Эпиграф из Еврипида к Вашей статье и некоторые ее места, как бы комментирующие этот эпиграф, обратили мою мысль к старомучительной теме. С тех пор как появилось знаменитое рассуждение Л. Толстого: ‘Почему люди одурманиваются’, я не переставал думать: ‘Почему они, в самом деле, одурманиваются?’. Вы знаете, вопрос так и не получил никакого ответа. Да кто одурманивается? Да где одурманиваются? Казалось бы, эти простые вопросы должны были повести, прежде всего, к обширному фактическому исследованию, которое и привело бы, может статься, к искомому ответу. Умейте различать людей, неодолимо отвращающихся от ‘дурмана’, и, может быть, вы откроете, если не положительным путем, то отрицательным, глубочайший родник ‘дурманного шатания’, ‘дурманного брожения’, ‘дурманных поисков’. Не забуду впечатлений почти детства и потом, отчасти, возмужалости: идешь в воскресенье в церковь — и вот видишь по дороге клюет человек православный лицом в грязь, в забор. ‘И это образ Божий’, подумаешь. Что-то ужасное, какая-то невероятная жалость с так и непогашенным презрением смешивалась в моей душе. ‘Так отчего же они одурманивались?’.

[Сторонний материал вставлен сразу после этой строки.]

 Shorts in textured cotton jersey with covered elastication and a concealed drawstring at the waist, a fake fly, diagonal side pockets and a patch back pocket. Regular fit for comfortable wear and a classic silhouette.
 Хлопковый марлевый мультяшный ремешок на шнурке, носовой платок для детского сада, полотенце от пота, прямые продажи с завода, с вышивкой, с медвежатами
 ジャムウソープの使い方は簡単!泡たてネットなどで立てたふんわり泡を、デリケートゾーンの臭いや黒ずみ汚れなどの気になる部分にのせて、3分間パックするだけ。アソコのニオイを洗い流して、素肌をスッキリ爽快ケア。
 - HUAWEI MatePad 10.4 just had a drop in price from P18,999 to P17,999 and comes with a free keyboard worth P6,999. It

Шли годы и я все думал над темой. И вот я остановился на начале, о котором говорит Еврипид, в словах, которые Вы взяли эпиграфом. Я повторю их: ‘— В чем видишь ты смысл оргий?

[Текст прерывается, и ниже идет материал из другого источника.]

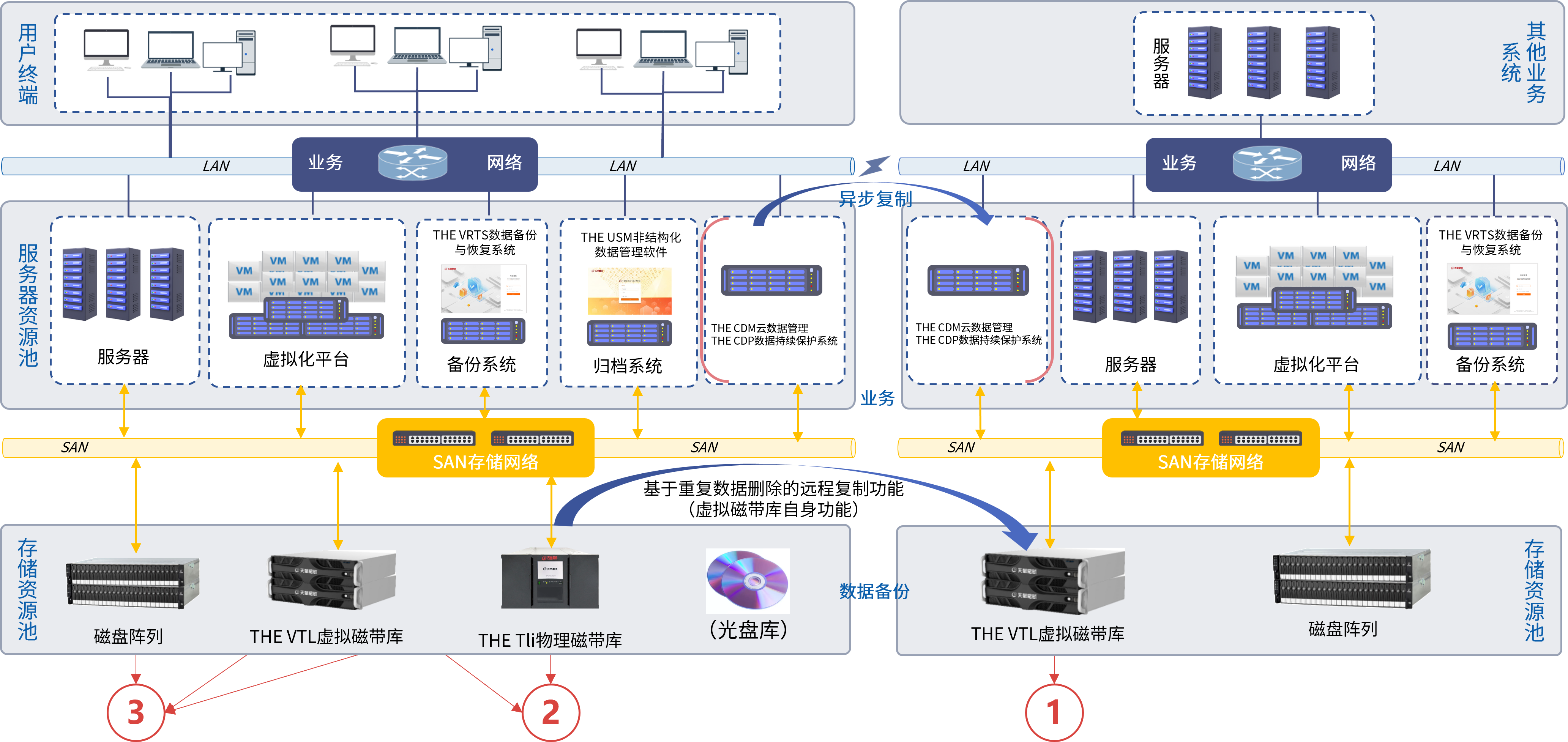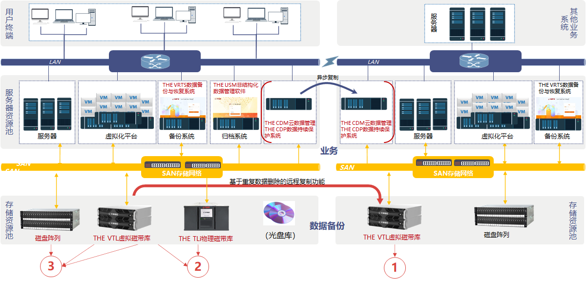 依据“3,2,1,0”黄金备份法则,采用安全、稳定的“D2D2T”架构,为用户构建一套完整的备份数据近线存放、数据自动化离线归档和异地灾备的数据备份与恢复解决方案;确保用户的数据资产得到全面保护。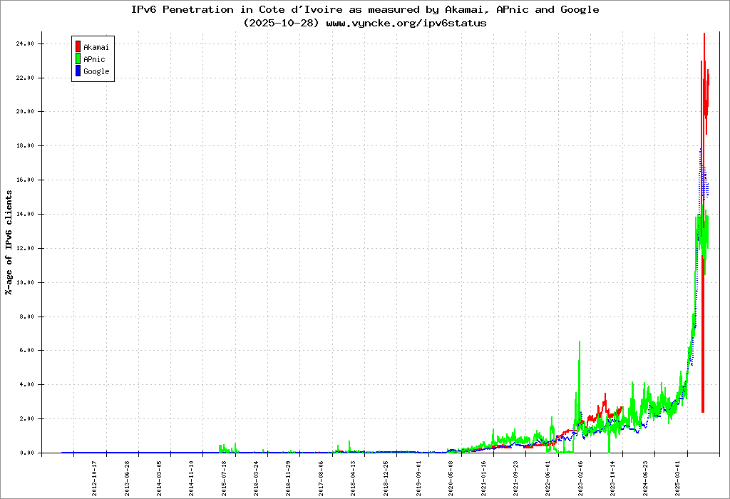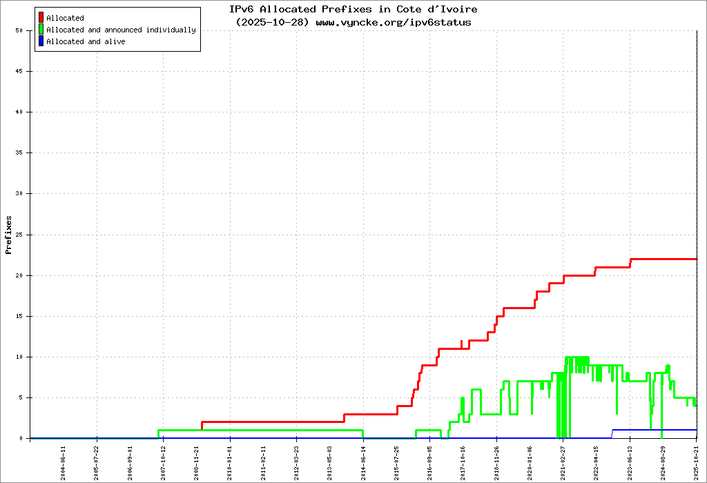 | 2001:43f8:b20::/48 | Authorite de Regulation des Telecommunications/TIC de Cote d'Ivoire-ARTCI Authorite de Regulation des Telecommunications/TIC de | 2023-06-02 |
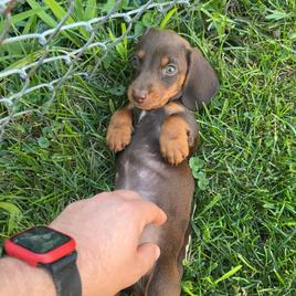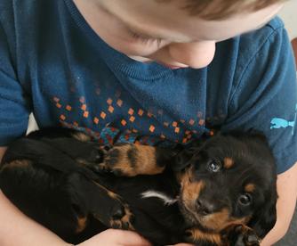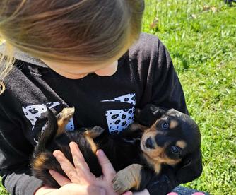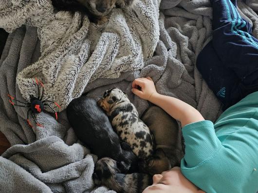 I'm Nicole B., the breeder behind Darling Doxies located in Elk River, MN. Every puppy we raise is adored as part of our family from birth. Our puppies will complete your home, your family, and your heart! Our puppies are raised with love in our home, and we strive to help each one grow up with confidence so they are ready to thrive with their new families. They are affectionate, intelligent, and cute as can be!

— Смертным, непосвященным в их таинства, этого открывать нельзя.
— Какую же пользу из них извлекают посвященные?
— Тебе это недоступно, но знать это следует’.

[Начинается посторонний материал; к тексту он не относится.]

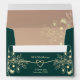 Elegant emerald green and gold wedding envelope featuring romantic floral accents and a heart detail. Perfectly designed to match the emerald and gold wedding invitation suite. A beautiful way to complete your wedding stationery, this envelope adds a luxurious touch to your mailings.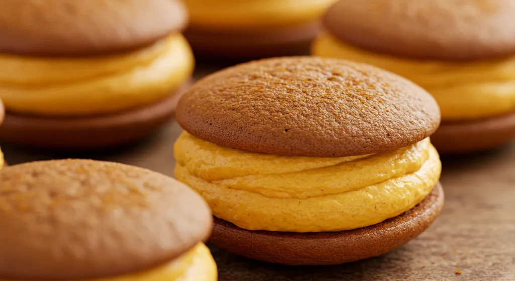 Two soft, cake-like pumpkin cookies are sandwiched together with a fluffy, tangy cream cheese filling.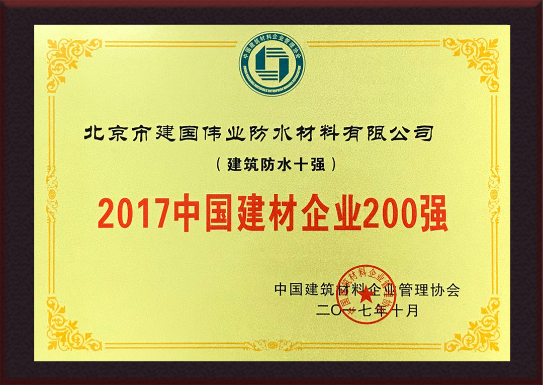 2017中國建材企業(yè)200強(qiáng)(建筑防水10強(qiáng))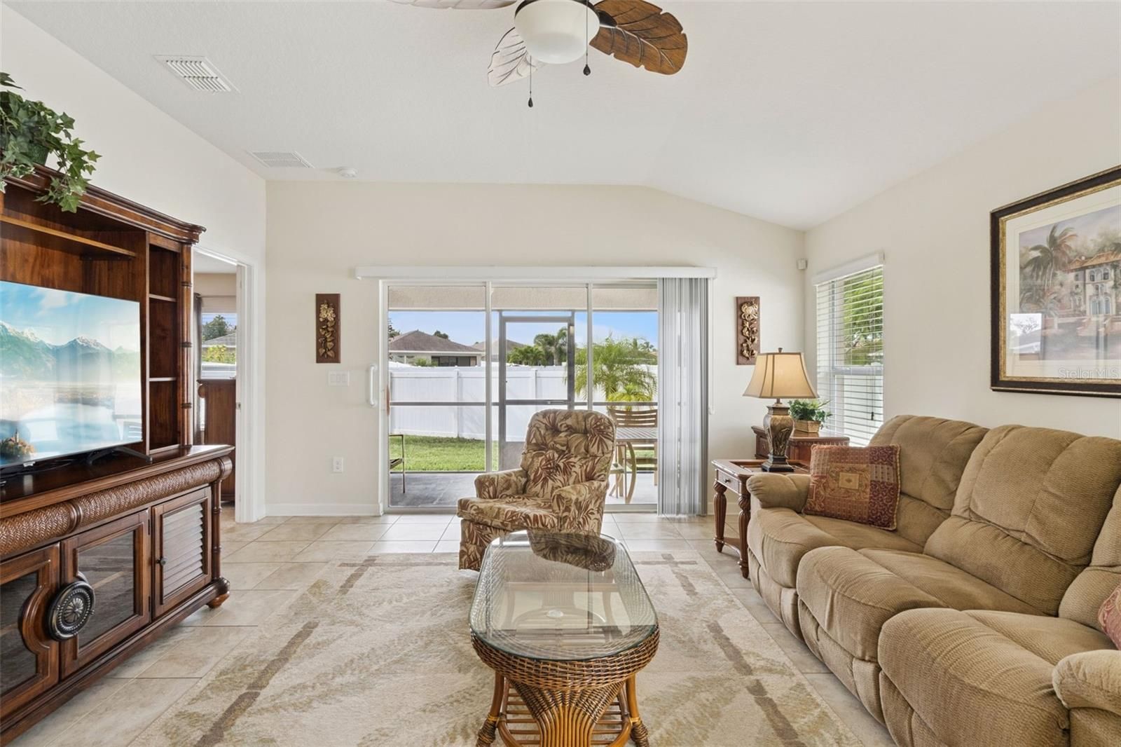 Located in the highly desirable 55+ maintenance-free gated community of Traditions on Lake Ruby, this wonderful 2-bedroom, 2-bath home offers charm, functionality, and an exceptional lifestyle. Upon arrival, you’re greeted by a welcoming front porch that sets the tone for the inviting interior. Inside, the open-concept floor plan features a spacious living room with vaulted ceilings and triple sliding glass doors that lead to the screened-in lanai, creating a seamless connection between indoor and outdoor living. The eat-in kitchen showcases 42" upper cabinetry with crown molding, chrome hardware, a subway glass tile backsplash, and quartz countertops. Functional upgrades include a smudge-proof stainless steel appliance package, pull-out shelves, a gooseneck faucet, and a closet pantry. A charming breakfast nook is ideal for casual dining, while the formal dining area, enhanced with sliding glass doors that open to the fenced yard, further extends the living space outdoors. Easy-to-maintain solid surface flooring flows throughout the main living areas. The primary bedroom suite features wall-to-wall carpeting, a walk-in closet, and peaceful backyard views. The en-suite bath includes a comfort-height vanity with a built-in cosmetic desk, quartz countertops, and a walk-in shower with a glass enclosure. Outdoor enjoyment awaits with a fully fenced yard and a generously sized screened-in lanai—perfect for relaxing or entertaining guests. Additional highlights include a laundry room with washer, dryer, irrigation system, architectural shingle roof, double pane windows, hybrid water heater, fenced in yard, programmable thermostat, alexa system, alarm system, In-wall pest system, exterior spot lights, 2-car garage with My Q garage door opener, plus a paved driveway and walkway. Traditions at Ruby Lake offers an exceptional array of amenities: a lakefront clubhouse, dock and boat ramp, heated swimming pool and spa, ballroom, billiards, meeting rooms, library, computer room, craft room, dog park, tennis and pickleball courts, basketball, bocce, shuffleboard, fitness center, aerobics studio, and more. The monthly HOA fee covers exterior house painting, cable, internet, front-yard lawn service, and access to clubhouse amenities—ensuring a worry-free, maintenance-free lifestyle.

Может быть, в мыслях, которые в долгие годы размышлений, у меня сложились об этом предмете, есть что-нибудь новое сравнительно с краткими и неясными словами Еврипида, и я позволю их развить в этом непритязательном письме к Вам.
Есть одушевление мира, одушевленность мира. Т. е. душа ли мира или душа в мире мы не умеем сказать, не умеем выразить. Вы знаете запахи, знаете вкусовые ощущения, которые несутся, и вы не видите еще, откуда и от какого предмета. Что-то ‘вьется’, чего ‘не умеешь схватить руками’, ‘нельзя схватить руками’. Одушевленность мира принадлежит к категории таких не ‘схватываемых’, не ощущаемых почти вкусов. — Есть душа в мире? — Да. — Где она? На этот вопрос, задумавшись, только и можно ответить: ‘Нигде, но мы все живем ею и мы все частицы мировой души’. — Мы одушевлены. О, это не значит, что мы двигаемся, имеем способность самодвижения. Мы одушевлены, когда вдохновлены. День надень не походит, не походит час на час. И даже смена сна и бодрствования, эта таинственная загадка человеческого бытия, не есть ли смена прежде всего одушевленности и неодушевленности? Сон бежит от глаз, когда именно мы вдохновлены, т. е. сон только и есть, что огромный упадок вдохновения, как бодрствование есть ритмически обновляющееся вдохновение. Но вы наблюдали ли изумительную вещь, что нечто подобное человеческому вдохновению есть в природе: утром почему-то всегда пробежит ветерок. Почему? — я не знаю. Потом замечали ли вы еще факт изумительной, почти человеческой ‘бодрости духа’… з утреннем виде природы? Мне редко приходилось, но все-таки приходилось, просыпаться и видеть природу в самое раннее утро, иногда перед восходом солнца. Иногда спешишь за доктором, то какая-нибудь нужная поездка. И вот среди дела и заботы я, мельком взглядывая на лес, небо, прямо поражался необыкновенным видом и запахом леса, поля, неба. В небе поют рифмы, лес говорит рифмами. Не умею и не хочу иначе выразить впечатления.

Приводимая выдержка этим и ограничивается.